Anyway, politics aside and the fact that all stations where its 15 minutes to the City should have the rules applied, its a great start. Would love to see those old rickety Asian Suppermarkets that run between NNR and the train line in Mt Albert turned into a dense TOD. With all this said, Kingsland and Morningside have had multiple consents for apartments approved only for them th stall or fail, so its more than the consenting system thats the problem and we need more than just Ockham to build apartments.
Ironically Labour needs intensification in Mt Albert to avoid gentrification and it voting for the right.
Chris Bishop has indicated he thinks poorer people should live in outlying suburbs.
It does appear blatantly density-for-thee-not-for-me that they are not applying these rules to stations/lines which will have higher frequency services in particular once the grade separation is complete, while the Western line grade separation is literally kicked to decades away.
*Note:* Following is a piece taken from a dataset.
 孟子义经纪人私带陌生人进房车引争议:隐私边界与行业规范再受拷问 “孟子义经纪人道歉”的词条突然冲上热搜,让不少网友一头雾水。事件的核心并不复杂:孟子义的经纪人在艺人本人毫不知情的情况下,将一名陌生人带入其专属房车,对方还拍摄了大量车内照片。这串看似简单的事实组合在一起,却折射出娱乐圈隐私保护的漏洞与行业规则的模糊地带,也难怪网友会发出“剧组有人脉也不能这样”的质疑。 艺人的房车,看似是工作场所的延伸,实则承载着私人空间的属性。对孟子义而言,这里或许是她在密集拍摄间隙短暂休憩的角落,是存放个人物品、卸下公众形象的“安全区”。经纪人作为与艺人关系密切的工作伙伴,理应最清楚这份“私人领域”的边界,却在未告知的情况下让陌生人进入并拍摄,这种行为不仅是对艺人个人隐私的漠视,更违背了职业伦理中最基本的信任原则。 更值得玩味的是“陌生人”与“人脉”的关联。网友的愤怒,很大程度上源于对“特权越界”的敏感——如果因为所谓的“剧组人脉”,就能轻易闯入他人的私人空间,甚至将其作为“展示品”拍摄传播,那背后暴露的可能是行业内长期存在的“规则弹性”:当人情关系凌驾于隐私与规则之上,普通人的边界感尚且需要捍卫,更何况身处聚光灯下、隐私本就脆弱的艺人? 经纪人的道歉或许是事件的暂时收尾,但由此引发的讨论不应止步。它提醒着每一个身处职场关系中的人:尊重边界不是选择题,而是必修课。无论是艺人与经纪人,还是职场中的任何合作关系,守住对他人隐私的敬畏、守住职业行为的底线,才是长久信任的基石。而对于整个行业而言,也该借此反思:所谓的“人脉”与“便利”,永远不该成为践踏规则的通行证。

Why can’t they look at low hanging fruit in the interim, some of these crossings can be separated or closed without spending 100 million dollars at each surely.
There are some easy ones on the Western Line (such as George St between Dominion Road and the New North Road); however I don’t think removing them will do much for increasing train frequency (due to the importance to traffic of other crossings on the line).
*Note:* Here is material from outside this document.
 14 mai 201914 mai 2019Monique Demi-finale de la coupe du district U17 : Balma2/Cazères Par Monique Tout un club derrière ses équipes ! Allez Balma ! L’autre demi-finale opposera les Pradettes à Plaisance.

The changes needed to Morningside and around Baldwin Avenue (Rossgrove terrace and Asquith Avenue) will be pretty substantial. Their importance to movement patterns (whether for the wider area in Morningside’s respect; or the local neighbourhood for the Baldwin ones) means that simply removing them isn’t obviously the best solution.
Morningside should be done for Eden Park and events. Whether it’s vehicle or not should depend mostly on $$$s – I’d say yes for vehicles except I’ve got no faith we can do it affordably. The main importance of the crossing is to handle event crowds, and access to the station. Cars it’s annoying but not too difficult to drive around the block.
Baldwin Ave crossings could be if needed taking some land from neighbours for a path from Rossgrove to Asquith on the north side of the tracks, then closing 3 crossings and putting in a ped bridge and calling the surrounds a LTN – as the cost of keeping locals happy isn’t worth hundreds of millions, they can drive around.
Ideally they’d put a ped bridge where the existing ped crossing is, then if they wanted to keep the vehicle access, buy up a few houses to connect Rossgrove/Asquith then bridge as a lot cheaper than building 2 bridges there.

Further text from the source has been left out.